YOUR OBJECTIVE – Starting at the line that contains "La comida y", transcribe each line exactly through the end of the data below, and skip any pictures.

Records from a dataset
Segment Open
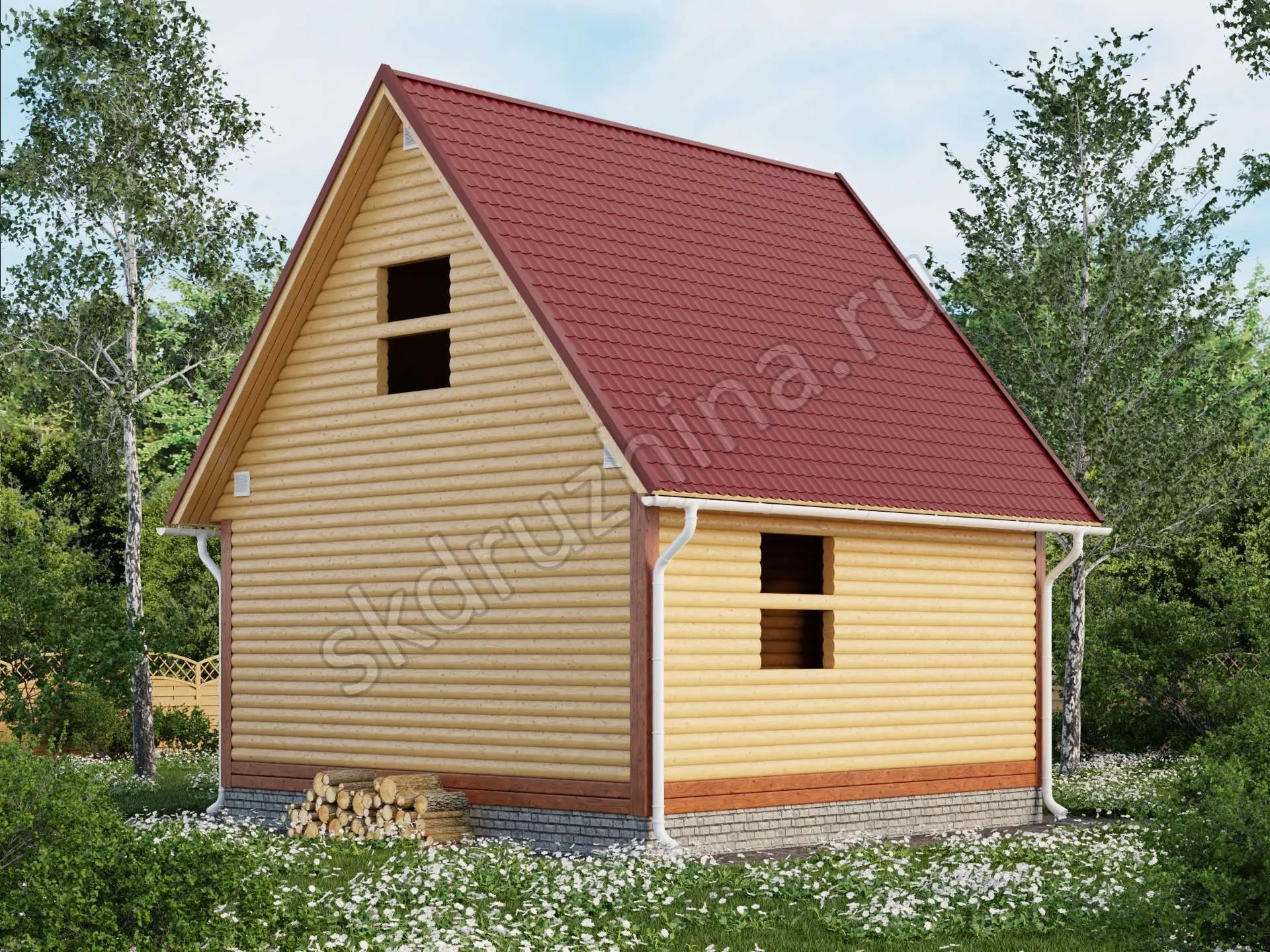 Фундамент в стоимость строительства не входит. Его можно заказать отдельно, на выбор: свайно-винтовой, железобетонные сваи или ленточный. Укажите желаемый тип фундамента при подаче заявки через сайт, или запросите стоимость у наших менеджеров по телефону.
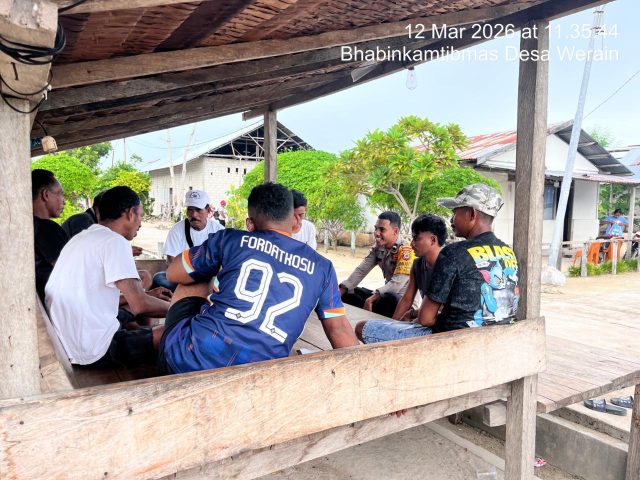 Tribratanews.polrestanimbar.com – Polda Maluku, Kepolisian Resor Kepulauan Tanimbar, Dalam upaya menjaga stabilitas keamanan dan ketertiban Masyarakat (Kamtibmas), Bhabinkamtibmas Desa Werain, Bripda B. NGILAMELE melaksanakan kegiatan sambang dialogis kepada Warga binaannya di Desa Werain, Kecamatan Selaru.
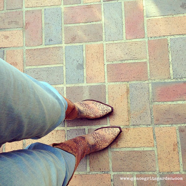 This is my favorite okra recipe, my “go-to” potluck, supper on the ground, picnic dish. I’m confident you will agree this is the perfect summer grilling menu side dish. Plus the recipe includes black-eyed peas. Think of all the extra luck you’ll have. Last week after I made this dish for a neighborhood get together, I won a pair of boots! No kidding, here’s a picture of my new boots.
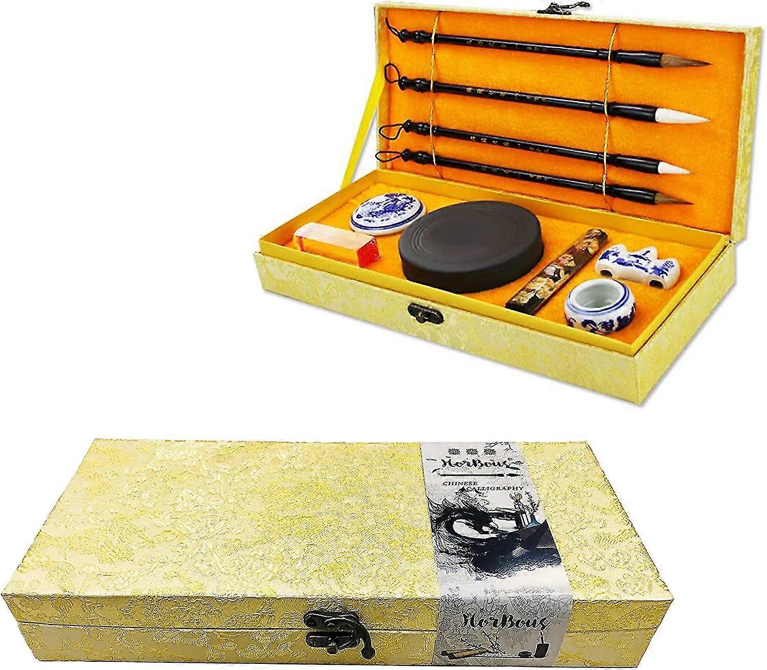 10 Pcs Chinese Calligraphy Set Inkstone + Writing And Painting Brush + Ink Block + Seal + Inkpad + Pen Rack + Water Bowl (basic)
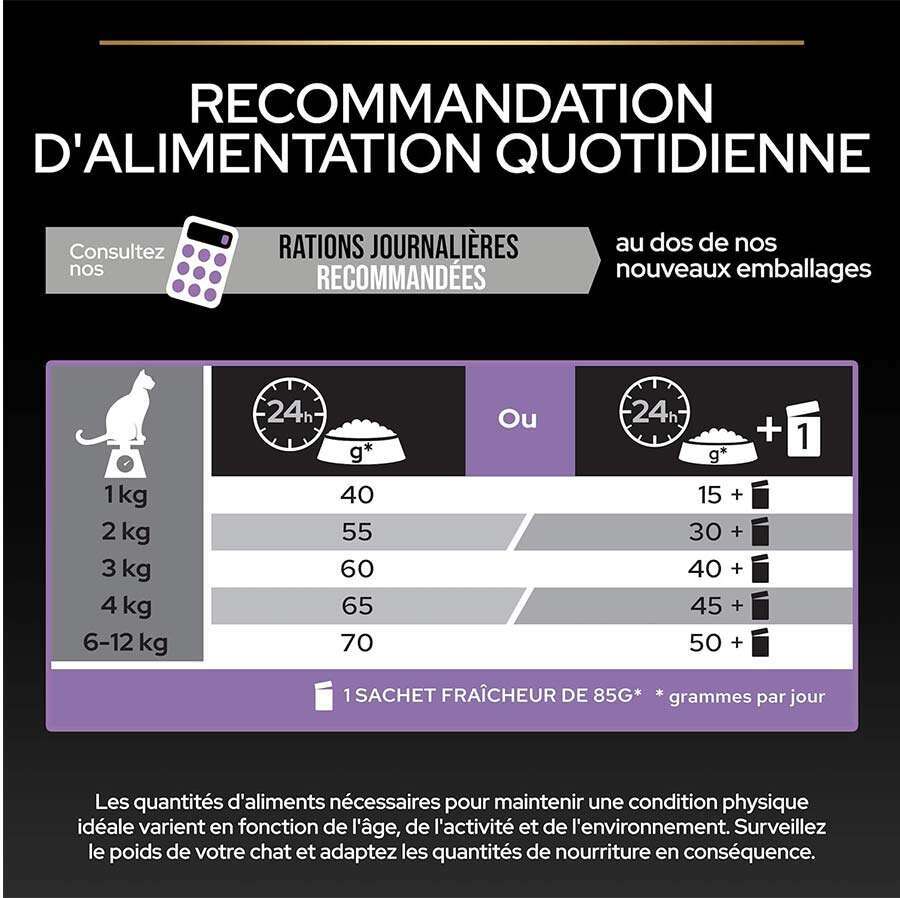 Ana besin değerleri*KuruNem6%Protein40%Yağ20%Omega-6 Yağ Asitleri3.03%Omega-3 Yağ Asitleri0.37%DHA0.05%Karbonhidrat27%Ham lif0.5%Kalsiyum1.28%Fosfor1.05%Vitamin A22676 IU/kgVitamin D31215 IU/kgVitamin E646 mg/kgVitamin C70 mg/kgTaurin2105 mg/kgMetabolik enerji (ME)14 kcal/g
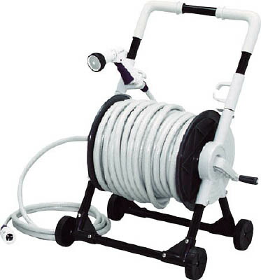 ●持ち運びに便利なキャスター付のホースリールです。●散水したい所まで本体ごと移動できますので、離れた場所でも楽に作業ができます。●耐圧糸入りホースと水流が6パターン(キリ・ジェット・シャワー・ジョーロ・カクサン・ストップ)に切り替えられる水量調整アクアガンが付いたフルセットです。
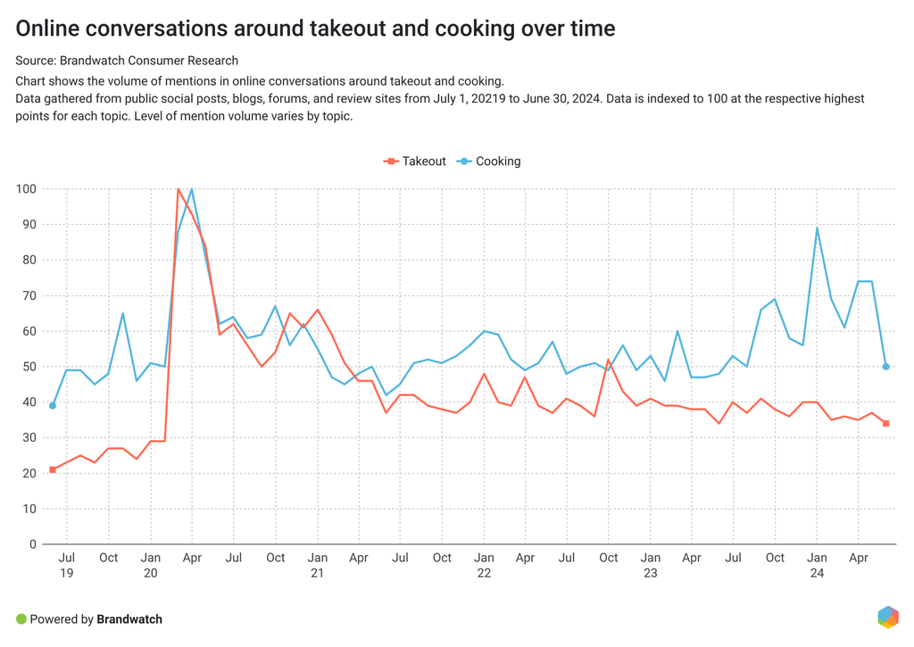La comida y la bebida son temas populares en las conversaciones online y sus menciones han aumentado un 6% en el periodo comprendido entre el 1 de julio de 2023 y el 30 de junio de 2024, y en comparación con los 12 meses anteriores.
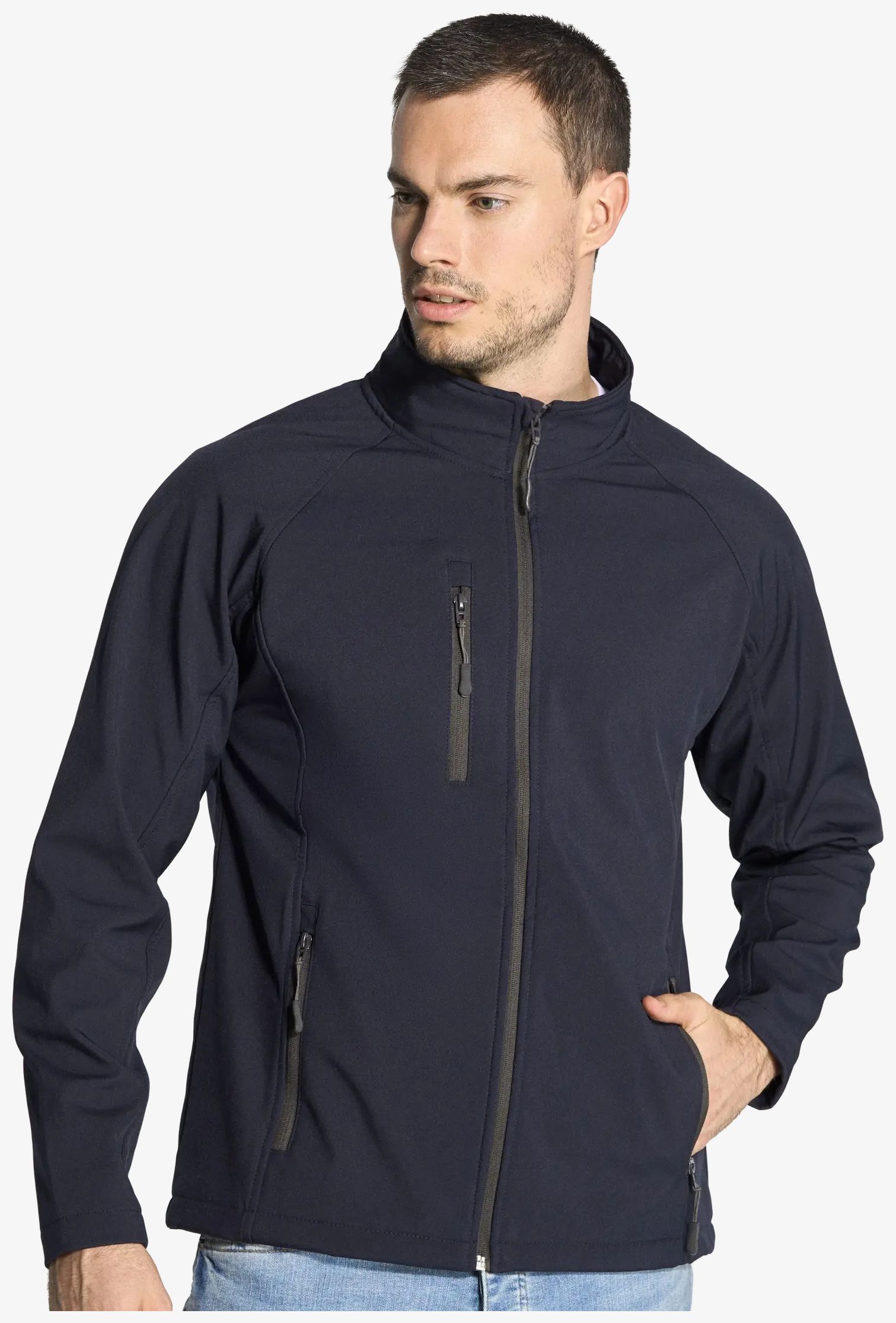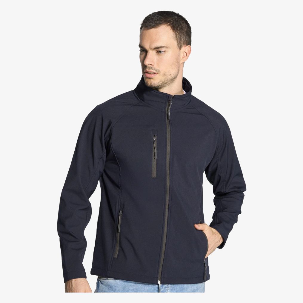 The Softshell jacket is a men's Softshell jacket made of three layers providing a structure suitable for varied uses. It includes two zipped side pockets and one zipped chest pocket. The fleece lining is equipped with stoppers for adjustment.
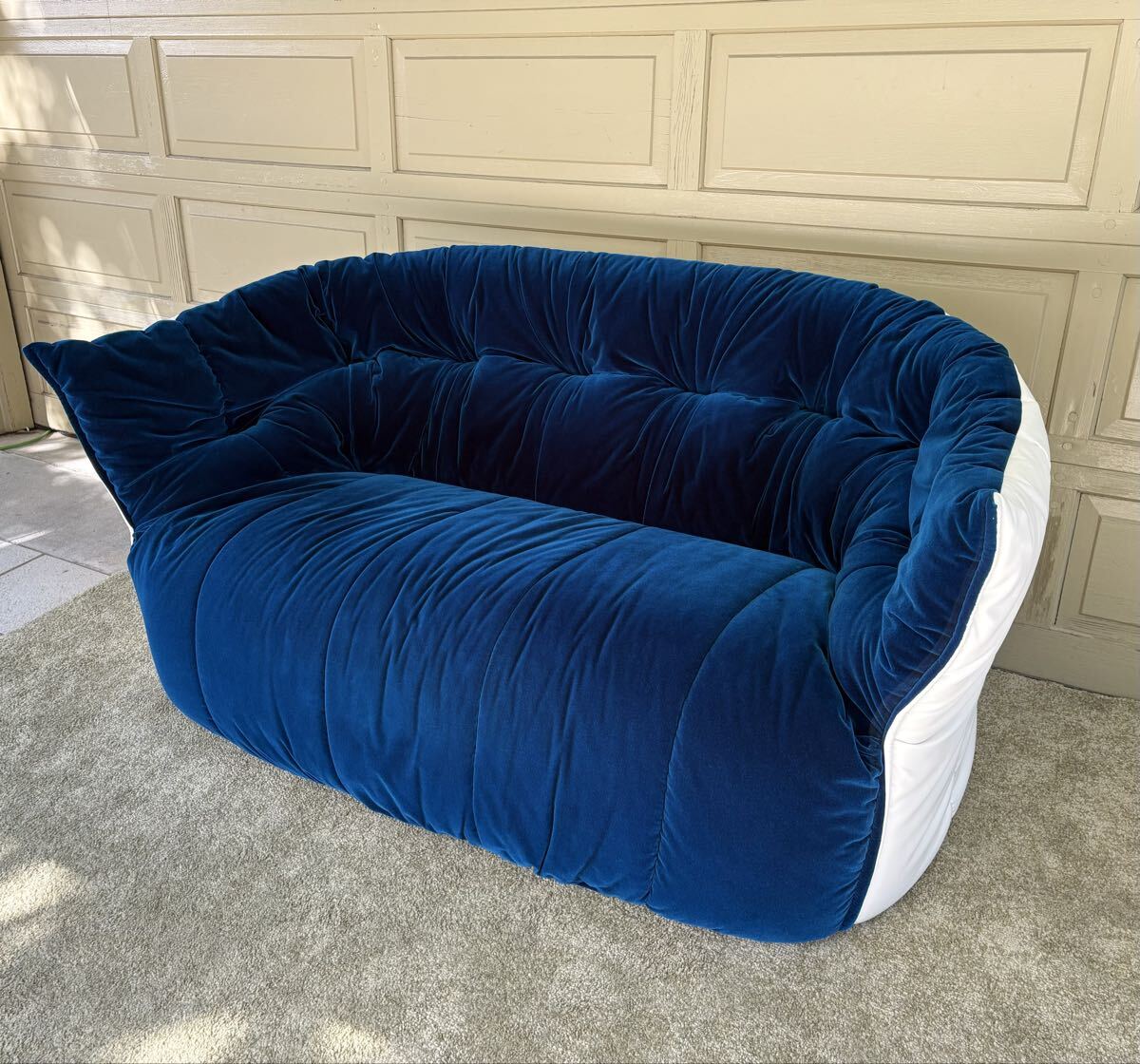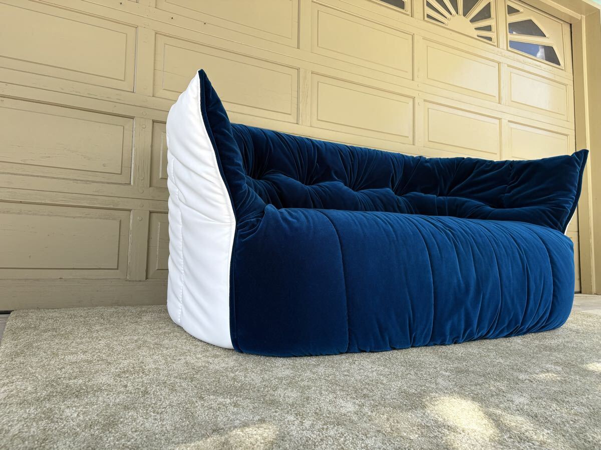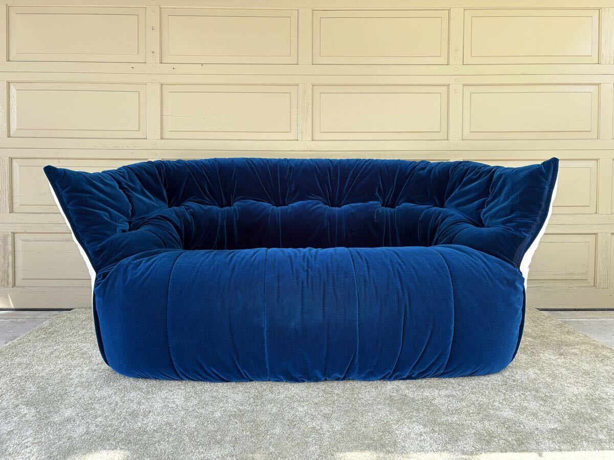K40 ligne roset リーンロゼ ブリガンタン 2P ソファ ブルー×ホワイト デザイナーズ Michel Ducaroy ベルベット フランス家具 高級ソファ
Segment Closed
RESULT FOR THIS EXERCISE –
La comida y la bebida son temas populares en las conversaciones online y sus menciones han aumentado un 6% en el periodo comprendido entre el 1 de julio de 2023 y el 30 de junio de 2024, y en comparación con los 12 meses anteriores.
 The Softshell jacket is a men's Softshell jacket made of three layers providing a structure suitable for varied uses. It includes two zipped side pockets and one zipped chest pocket. The fleece lining is equipped with stoppers for adjustment.
K40 ligne roset リーンロゼ ブリガンタン 2P ソファ ブルー×ホワイト デザイナーズ Michel Ducaroy ベルベット フランス家具 高級ソファ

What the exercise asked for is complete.